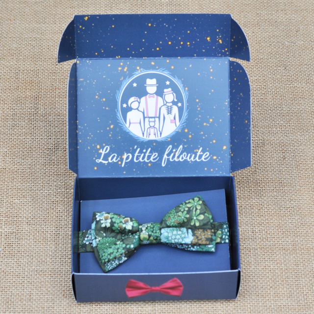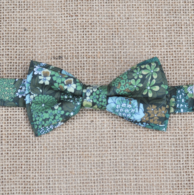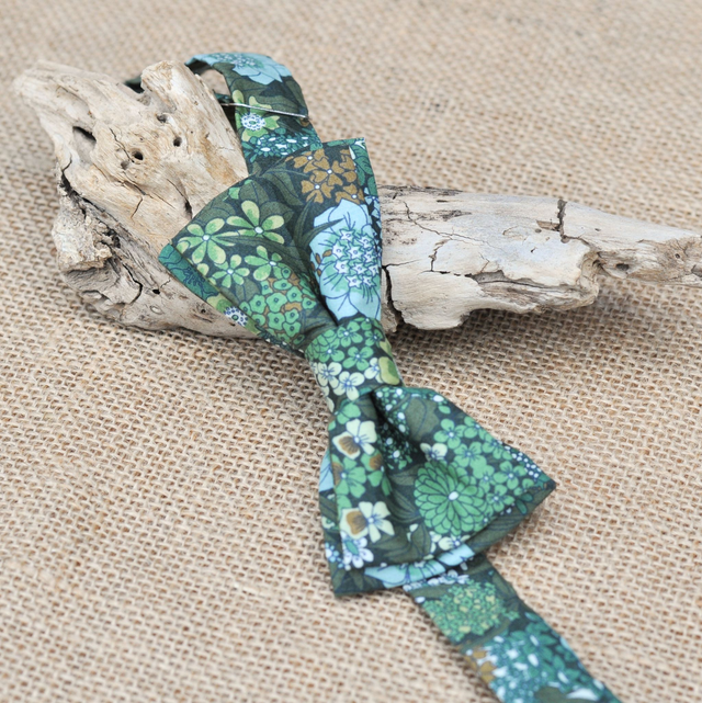 Ce nœud papillon fleuri aux tons sur tons et aux couleurs naturelles évoque la délicatesse des feuillages des sous-bois. Chic et raffiné, il apporte une touche végétale à la tenue de votre enfant.
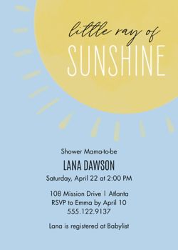 Browse from our wide selection of fully customizable shower invitations or create your own today. Ad Stunning Invitations in a Range of Theme Styles. Sunshine baby shower invitations start as low as 205 so even if youre on a budget you can still get a unique and creative sunshine baby shower invitation.
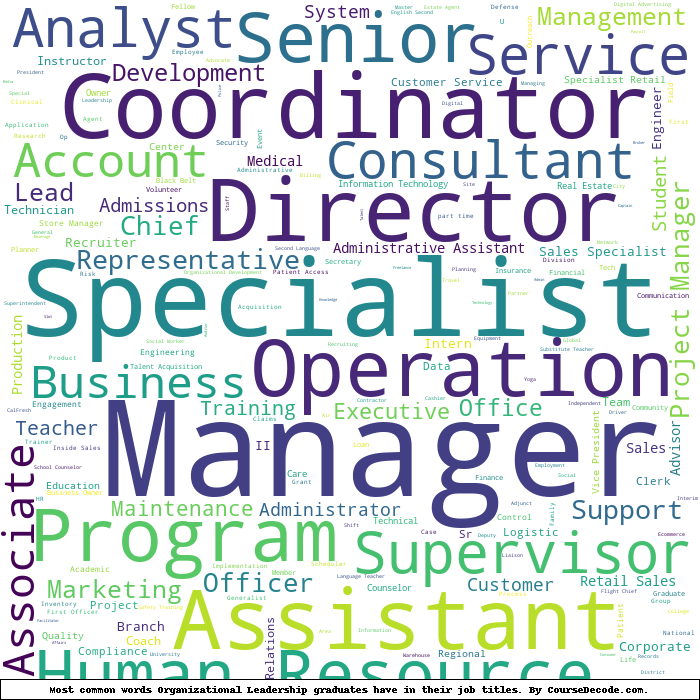 Here is a visual representation of the most common words in job titles for Organizational Leadership graduates (this is across all Organizational Leadership graduates we've analyzed, not just those who went to Azusa Pacific University):
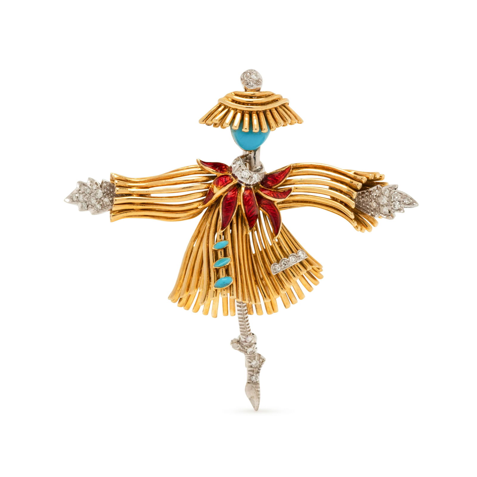 ENAMEL AND DIAMOND SCARECROW BROOCH

──────────────────────────────

Print the material above exactly, skipping its images.

 Ce nœud papillon fleuri aux tons sur tons et aux couleurs naturelles évoque la délicatesse des feuillages des sous-bois. Chic et raffiné, il apporte une touche végétale à la tenue de votre enfant.
 Browse from our wide selection of fully customizable shower invitations or create your own today. Ad Stunning Invitations in a Range of Theme Styles. Sunshine baby shower invitations start as low as 205 so even if youre on a budget you can still get a unique and creative sunshine baby shower invitation.
 Here is a visual representation of the most common words in job titles for Organizational Leadership graduates (this is across all Organizational Leadership graduates we've analyzed, not just those who went to Azusa Pacific University):
 ENAMEL AND DIAMOND SCARECROW BROOCH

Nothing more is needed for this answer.